On 17/01/2018 23:36, Bernie Volz (volz) wrote:

> Hi:
>
>  
>
> In case you missed it, attached are the review comments for
> https://tools.ietf.org/html/draft-ietf-dhc-rfc3315bis-10
> <https://tools.ietf.org/html/draft-ietf-dhc-rfc3315bis-10>.
>
>  
>
> Below is my take on these. Please review and chime in if you have
> comments. We likely should develop a consolidated response and also
> create some “tickets” to track open issues to be resolved.
>
>  
>
> -          Bernie
>
>  
>
>  
>
> 13.1: "By default, DHCP server implementations SHOULD NOT generate
> predictable addresses." The justification for this is not addressed in
> the security considerations section, while the privacy considerations
> section might be punting this to RFC 7824, though the only mention I
> can find in a quick search regards iterative allocation in section 4.3.
>
> BV> Don’t think this requires anything further?
>
Tomek> I think a discussion explaining that would open a can of worms or
at least a lengthy discussion what kinds of attacks are and are not
possible. We could instead offer to write a separate document that
describes threat models of DHCP.
>
> 20.4.1: RKAP uses HMAC-MD5 for symmetric authentication. As an
> informational matter for an existing protocol, this is certainly
> justified, but I don't know how the IETF handles obsolete crypto in
> standards revisions.
>
> BV> This is what was specified by RFC 3315 and we didn’t change it. I
> don’t think we should.
>
Tomek> I very much hope we won't touch this *again*. We tried multiple
times and failed. We can point to sedhcpv6 (and its previous
iterations). The HMAC-MD5 algorithm can be changed to something more
suited, but it wouldn't address the fundamental issue of reconfigure key
being sent in a plain text.
>
> 20.4.3: "...the client computes an HMAC-MD5 over the DHCP Reconfigure
> message [ADD: with zeroes substituted for the HMAC-MD5 field], using
> the Reconfigure Key received from the server"
>
> BV> While likely a useful clarification, it hasn’t caused problems to
> date.
>
Tomek> Adding clarification is always good. And it also gives a good
impression that we're not trying to wave away all comments.
>
> 22. DHCP's security threat model is not clearly stated. For instance,
> RKAP provides protection against man-on-the-side reconfiguration
> attacks, but DHCP has no ability by itself to protect against a race
> between legitimate and rogue DHCP servers: such protection relies on
> management of multicast groups at layer 2. This is implied by the
> paragraph on snooping DHCP multicast traffic, but nowhere is it
> specified normatively that restrictive group management is necessary
> to eliminate this part of the attack surface.
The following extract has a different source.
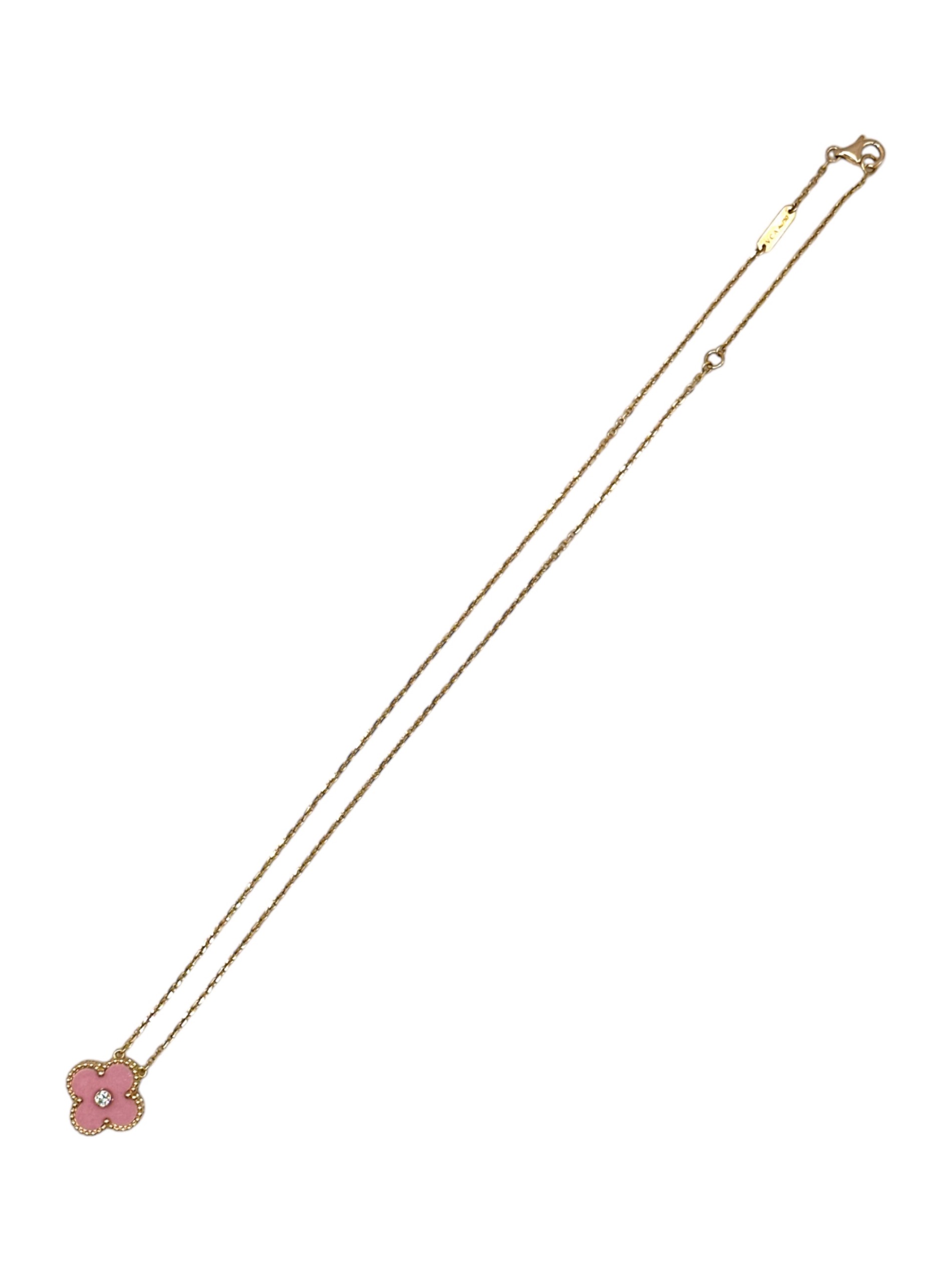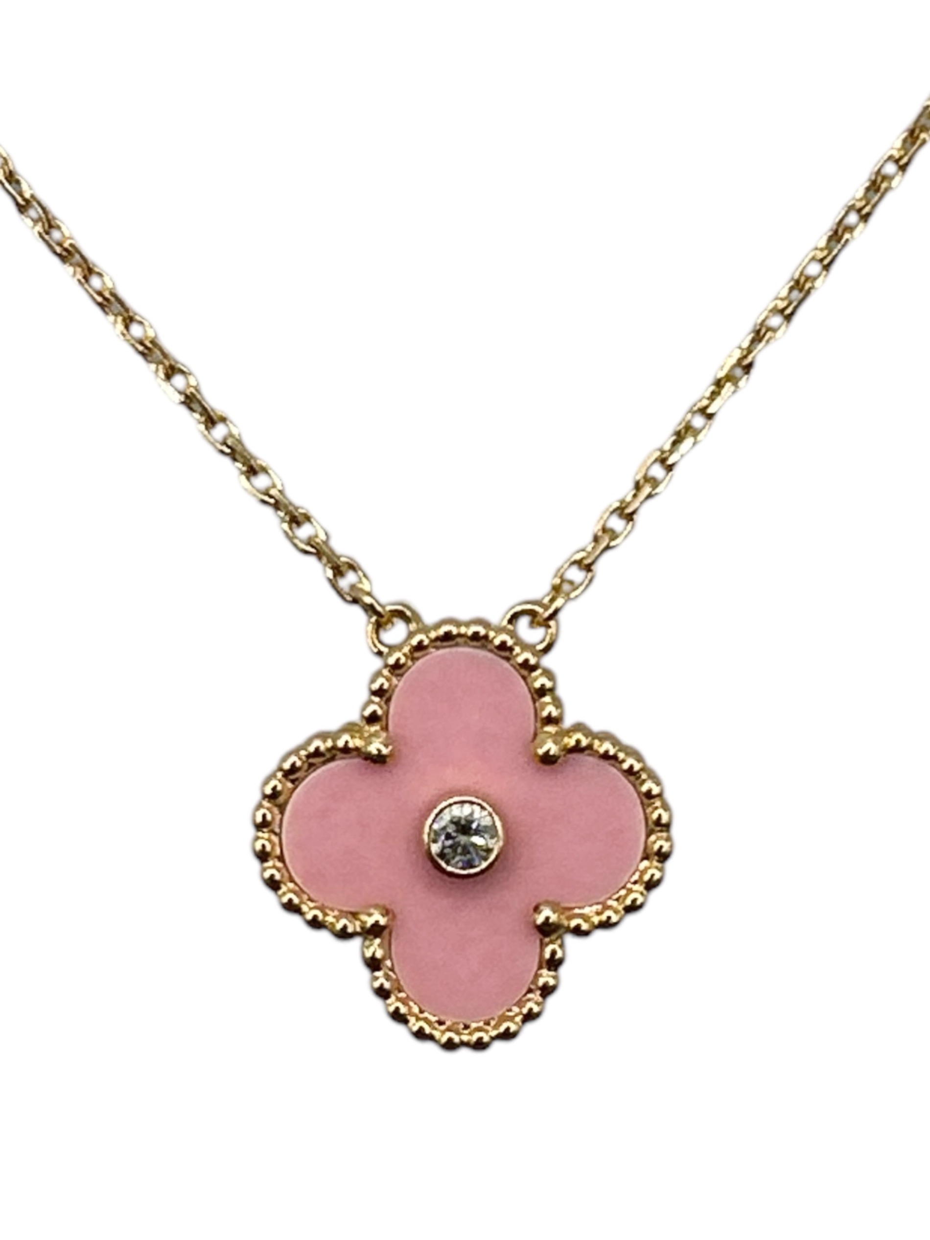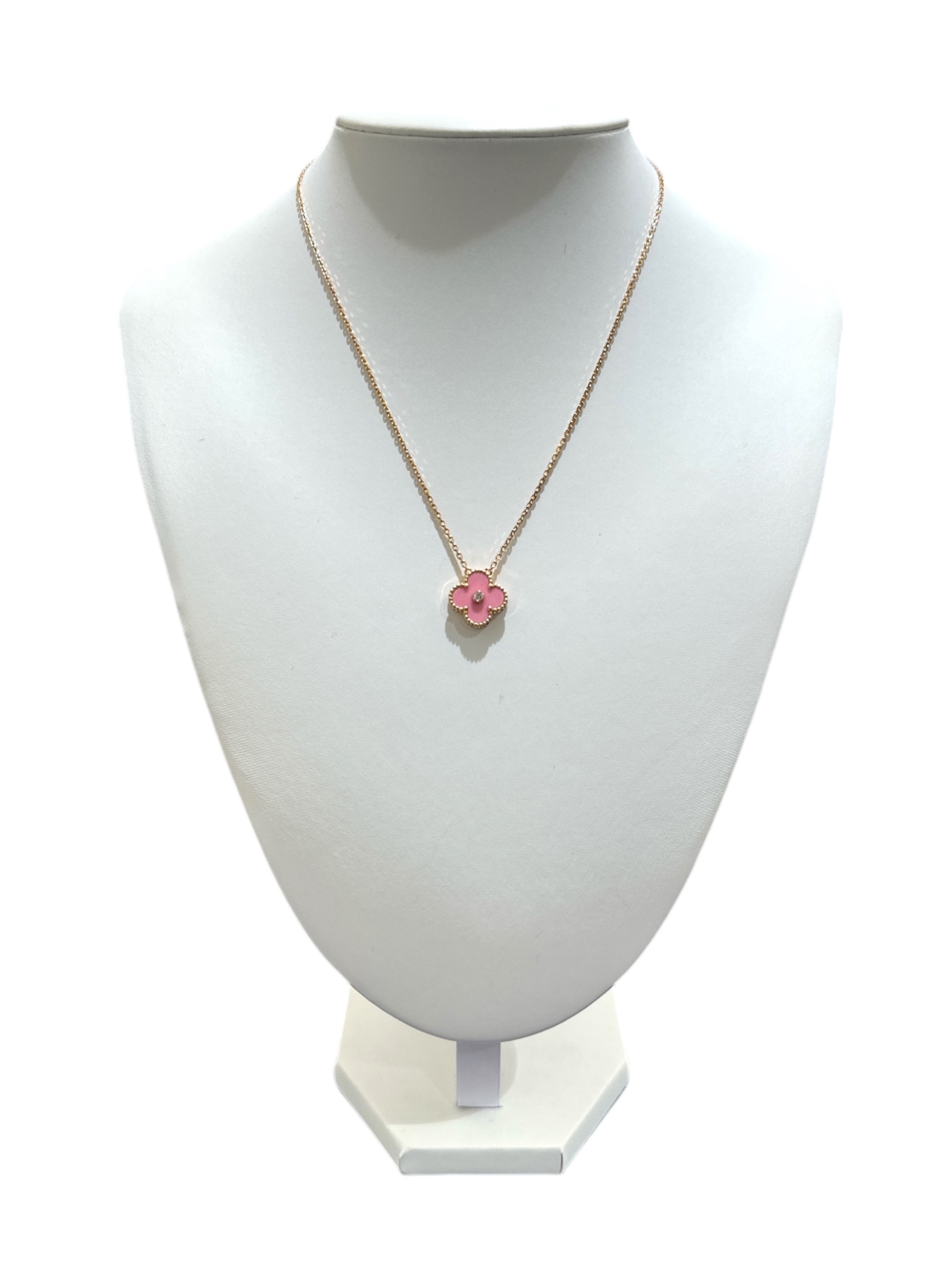 スタッフコメント K18のピンクゴールド素材のチェーンとライトピンクカラーのチャームの組み合わせがフェミニンで高級感を演出したアルハンブラでございます。チャームのセンターにセットされたダイヤモンドが上品かつ華やかな印象で、目を惹くアクセントとなっております。エレガントなデザインと上質な素材が融合し、日常の装いに特別な輝きを添えるアクセサリーとして魅力的なアイテムです。

Similarly, it's not
> clear to me whether a rogue or misconfigured server temporarily in the
> All_DHCP_Servers or All_DHCP_Relay_Agents_and_Servers multicast group
> can then hide a client from the official DHCP servers forever by
> sending it the unicast option, thus maintaining exclusive access to
> certain messages, notabley Request and Renew. The threat model should
> be stated clearly in this document, even if the recommended
> countermeasures are in some other RFC (such as RFC 7610) because they
> rely on information not in this document.
>
> BV> NEEDS MORE -- More complex response likely needed.
>
Tomek> How about proposing to write separate document abotu threat
model, possibly even with recommended mitigation steps?
>
> 23. Does it make sense to clarify the threat model for privacy? For
> instance, this protocol doesn't try to defend clients against tracking
> within a LAN that can observe the DHCP traffic. I can guess what the
> threat model is, but ISTM that it should be specified explicitly.
>
> BV> How many of those kinds of LANs still exist?
>
Tomek> I wouldn't want to bundle 7824 and 7844 into this, explaining why
we chose to not bundle everything due to text length being an issue
already. There are references to said RFCs in the text already, but if
this is helpful to address their concern, maybe we could add the
references in couple other places as well?
>
>   Main points:
>
>
> 11: Should there be stronger 2119-style normative language prohibiting
> entities from parsing the DUID?
>
> BV> We relaxed it in the bis document (from MUST NOT to SHOULD NOT).
>
Tomek> We can point out the long discussion we had about it and strong
desire from actual operators to be able to parse DUID to gain MAC
address information.
>
> 17.2: "When a client sends a DHCP message for the purpose of prefix
> delegation, it SHOULD be sent on the interface associated with the
> upstream router (ISP network)." This seems insufficiently general.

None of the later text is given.